I was doing dishes in the kitchen when I heard the chorus of a song on an old playlist faintly playing on our iPod in the background.
I sang the lyrics to myself while rinsing food off plates, distracted by the task and unaware of the words, until I remembered. These words describing the worship that comes from the place of suffering had rocked me to sleep at night when my night was starless. These words were my lullaby when I was without words for my pain.
This wasn’t just background music to me once. It was my anthem.

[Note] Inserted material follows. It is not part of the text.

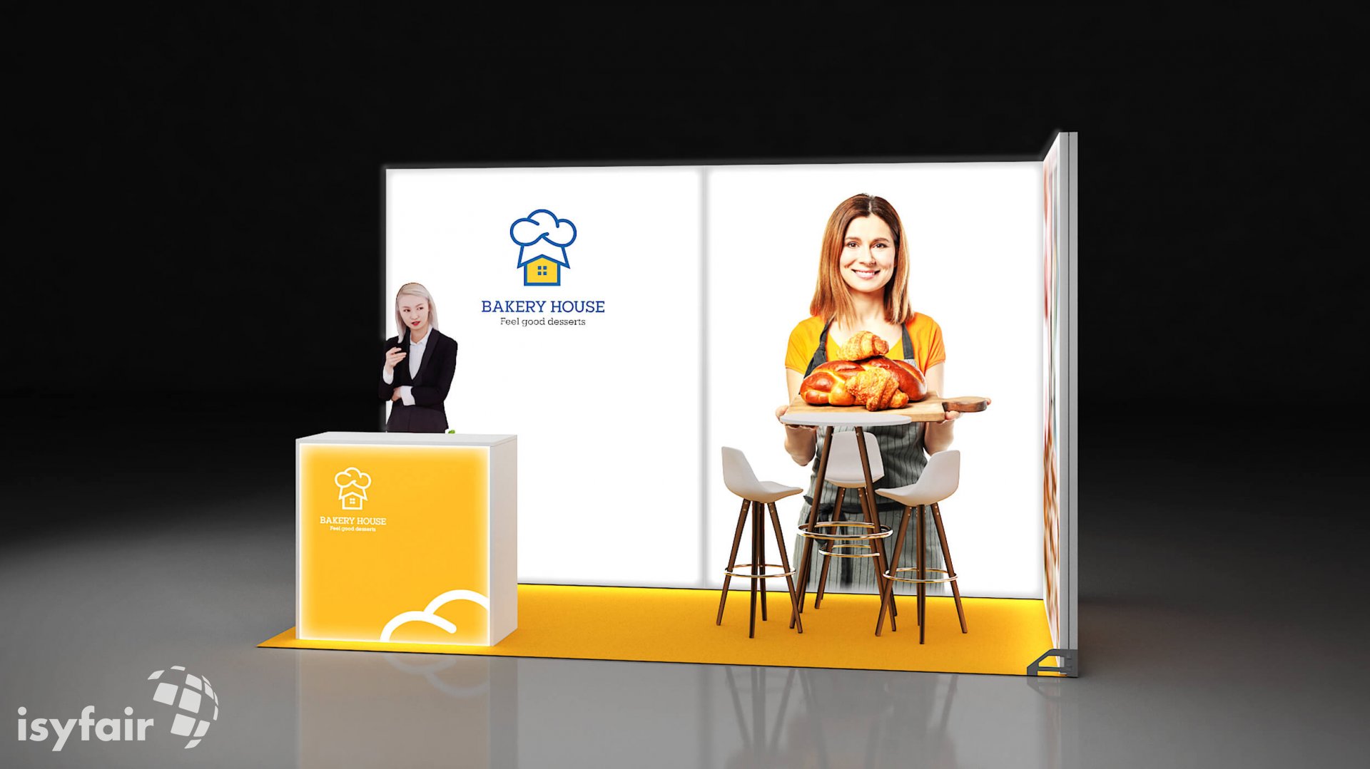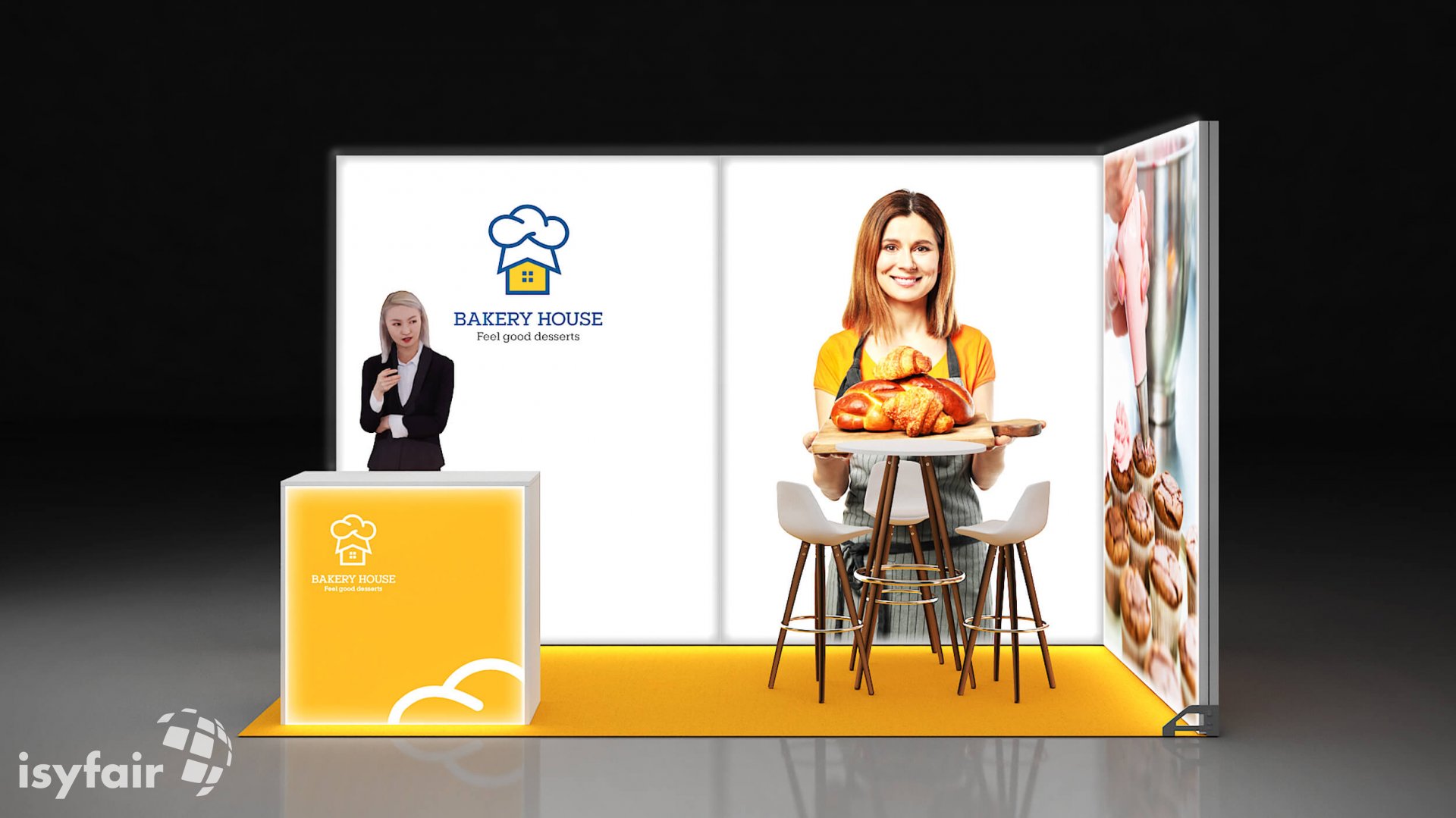 Dieses Messestand Design ist selbstverständlich an Ihre Vorstellungen anpassbar. Senden Sie uns dazu einfach eine E-Mail an - info@ISYFAIR.com oder rufen Sie uns an: +49 6722 9372-234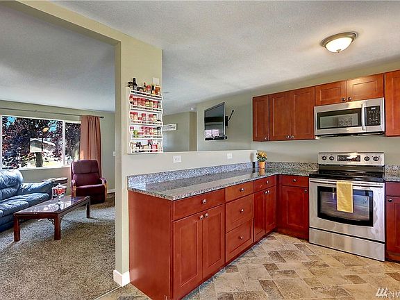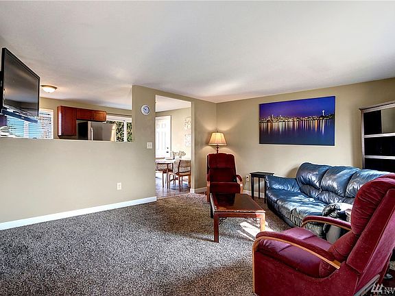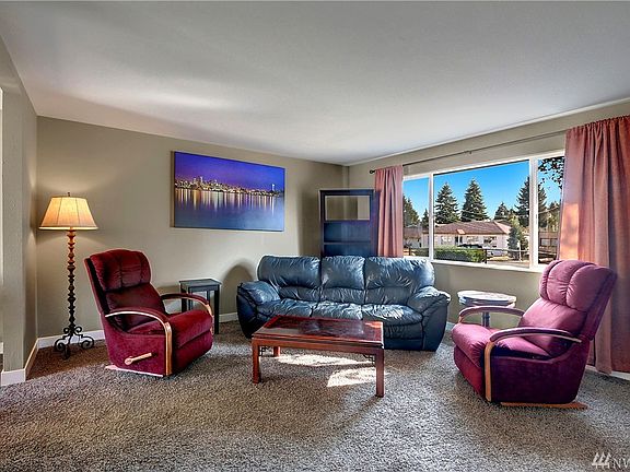 Beautifully remodeled rambler on large corner lot with peak-a-boo views of the peninsula. Entertain guests in this open floor plan & spacious private back patio/deck. Fully fenced yard w/ delicious fruit trees & room for gardening! Master suite w/ master bath & large walk-in closet. Kitchen boasts custom cabinetry, stainless steel appliances & granite countertops. Remodel completed 2 years ago w/ new flooring, paint, doors, windows, roof, furnace & water heater! Easy access to Airport & Seattle.

I had listened to that song while curling my body into a ball in my bed and on my bedroom floor and on the family room couch, reaching for words that I didn’t feel in an effort to frame a story with God’s truth. I had listened to that song in my car while driving home from baby showers, singing its truths over myself and trying to believe them. I had listened to that song in my bedroom after arguments with Nate, in my loneliness on Sunday afternoons, and in my prayer room as I brought my pain, again, to a Father who never tired of my open heart.
I stood in my kitchen and wept over the years past. My pain had not disappeared, but it had diminished. Circumstances were no longer at the peak of perplexity. But the music took me back to the waves of grief and loss and all the questions wrapped around a season I wasn’t sure would ever end.
Just as soon as I remembered the sharp moments of pain, I remembered the nearness of the Father, who came right into the middle of them. Both memories—the sting of pain and the balm of his coming to me in my pain—were vibrant, real again, but it was now as if his presence during that pain overshadowed the memory of the pain itself. ...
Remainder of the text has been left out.